Gamma 30 CMC système temps réel

En 1963, la Compagnie des Machines Bull préparait l'introduction du Gamma 40 (RCA3301) et l'examen des demandes de gros clients montrait qu'ils ne se satisferaient pas d'un support batch des applications (telles qu'offert sur les gamma 30 standard ou le Gamma 60) mais désiraient utiliser leur ordinateur en système transactionnel . Parmi les applications transactionnelles, se trouvaient la consultation et mise à jour de comptes bancaires et la réservation des trains de voyageurs. Bull décida de se former à ces applications en important le dispositif CMC d'un Gamma 30 et d'en partager l'usage en deux petites équipes de programmeurs, l'une d'études sur les applications bancaires, l'autre au service technico-commercial sur la SNCF. Il s'agissait d'analyser le problème, d'en programmer une maquette sur Gamma 30, puis d'en faire une démo.

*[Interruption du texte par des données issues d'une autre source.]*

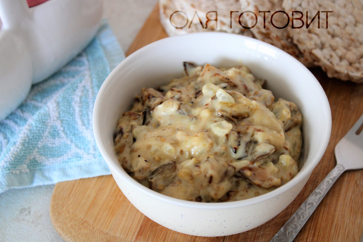 И снова рецепт с моими любимыми баклажанами, на этот раз не салат и не горячее. Закуска-намазка, которая хорошо как в холодном так и в теплом виде. Ее можно намазать на хлеб и есть как бутерброд, а можно подавать и как закуску к основному блюду. Итак, все предельно просто. Баклажаны я очищаю от кожицы и нарезаю небольшими кубиками. Выкладываю на противень, посыпаю соль, перцем и смазываю растительным маслом с помощью силиконовой кисточки. Отправляю запекаться в духовке при температуре 180 градусов около 30 минут. Пока баклажаны находятся в духовке я обжариваю лук на растительном масле до готовности, когда лук будет полностью готов добавляю пару зубчиков чеснока. К этому моменту баклажаны уже готовы, я отправляю их с противня на сковороду и сразу же добавляю сливочный плавленый сыр. Все хорошо перемешиваю. Сыр с баклажанами должен полностью прогреться, но не закипеть. Есть закуску можно сразу, а можно и подождать
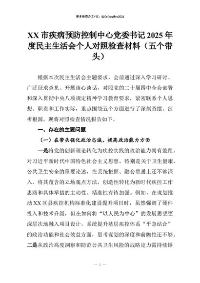 【七哥公文】2026年:XX市疾病预防控制中心党委书记2025年度民主生活会个人对照检查材料(五个带头)+更多免费公文+VX:QiGeGongWen2024
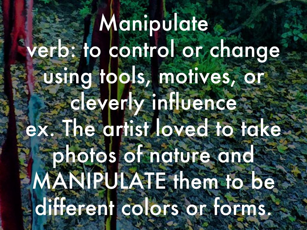 Manipulate verb: to control or change using tools, motives, or cleverly influence ex. The artist loved to take photos of nature and MANIPULATE them to be different colors or forms.
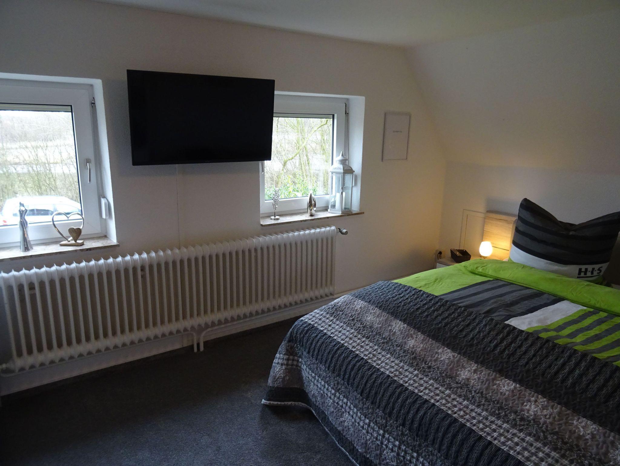 Im Obergeschoss befinden sich zwei Schlafzimmer, beide sind mit einem Flachbild - TV ausgestattet.
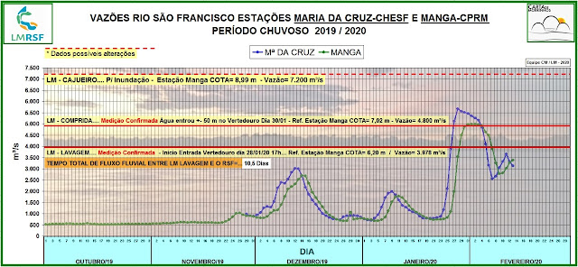 Dia 07/02: UHE Três Marias (controle das defluências de Três Marias) 300 m³/s; São Romão 1.878 m³/s; São Francisco – 2.558 m³/s; Bom Jesus da Lapa – 4.608 m³/s; Morpará – 4.376 m³/s; Juazeiro (controle das defluências de Sobradinho) 1.193 m³/s e Propriá (controle das defluências de Xingó) 1.219 m³/s. (dados da Chesf)
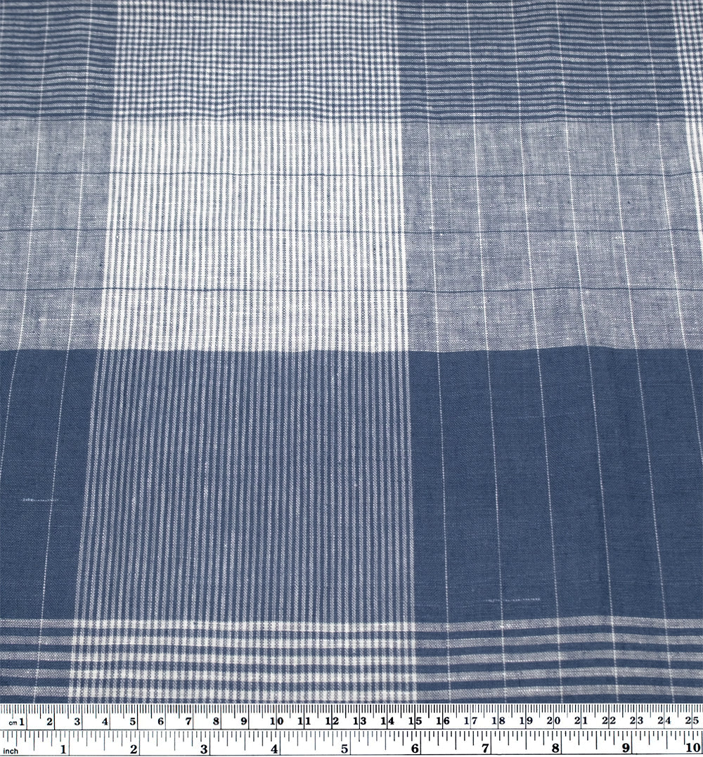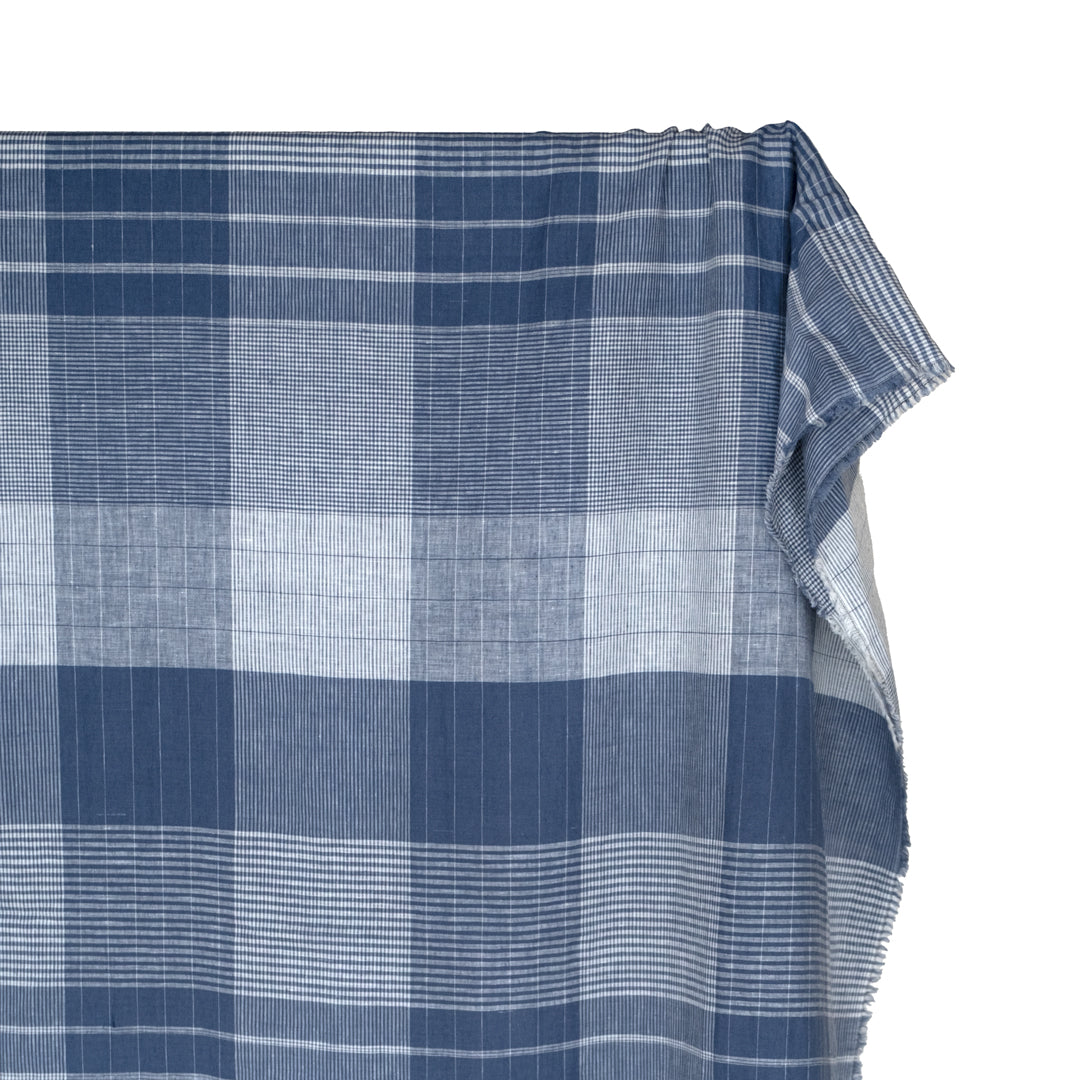 Plaid Yarn Dyed Linen Cotton - Pacific/White
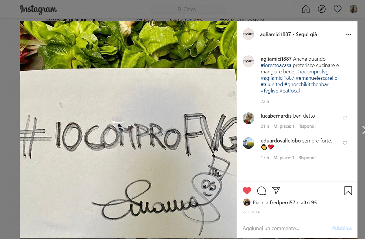 Ittima partenza per la campagna di sensibilizzazione #iocomproFVG lanciata dall’agenzia di cluster Agrifood FVG, in accordo con l’assessore regionale Stefano Zannier, per dare ‘ossigeno’ al tessuto agroalimentare del Friuli Venezia Giulia messo in ginocchio dall’emergenza sanitaria. A sostenere l’invito per una spesa consapevole è intervenuto subito il governatore Massimiliano Fedriga assieme allo stesso assessore Zannier. Nelle fila dei politici che si sono fatti fotografare con l’hashtag virale anche l’Europarlamentare Marco Dreosto. Ma la campagna è stata accolta da svariati settori: tra i VIP che hanno postato sui social si contano anche il direttore marketing di PromoturismoFvg Bruno Bertero e il celebre chef stellato Emanuele Scarello del ristorante Agli Amici di Godia.

En février 1964, dans la phase d'incertitude de la mutation vers General-Electric, nous décidâmes de présenter les deux démos simultanément sur la même machine et de construire un moniteur temps réel auquel nous ajoutâmes quelques applications dont une destinée à tester les "stratégies d'ascenseur" d'accès aléatoires aux disques en recherchant un vocabulaire français-anglais simultanément par plusieurs utilisateurs (en allongeant artificiellement les temps d'accès en utilisant une bande magnétique).

Le système fut effectivement démontré au SICOB à côté du prototype du Gamma M40 -exécutant du langage LSA encore à l'époque mono-console-, le tout sous la bannière de Bull-General Electric. 
La vente du Gamma 40 fut annulée, et le multiplexeur de communications CMC ne fut pas introduit en clientèle et le système réalisé ne servit qu'à la formation de ses auteurs.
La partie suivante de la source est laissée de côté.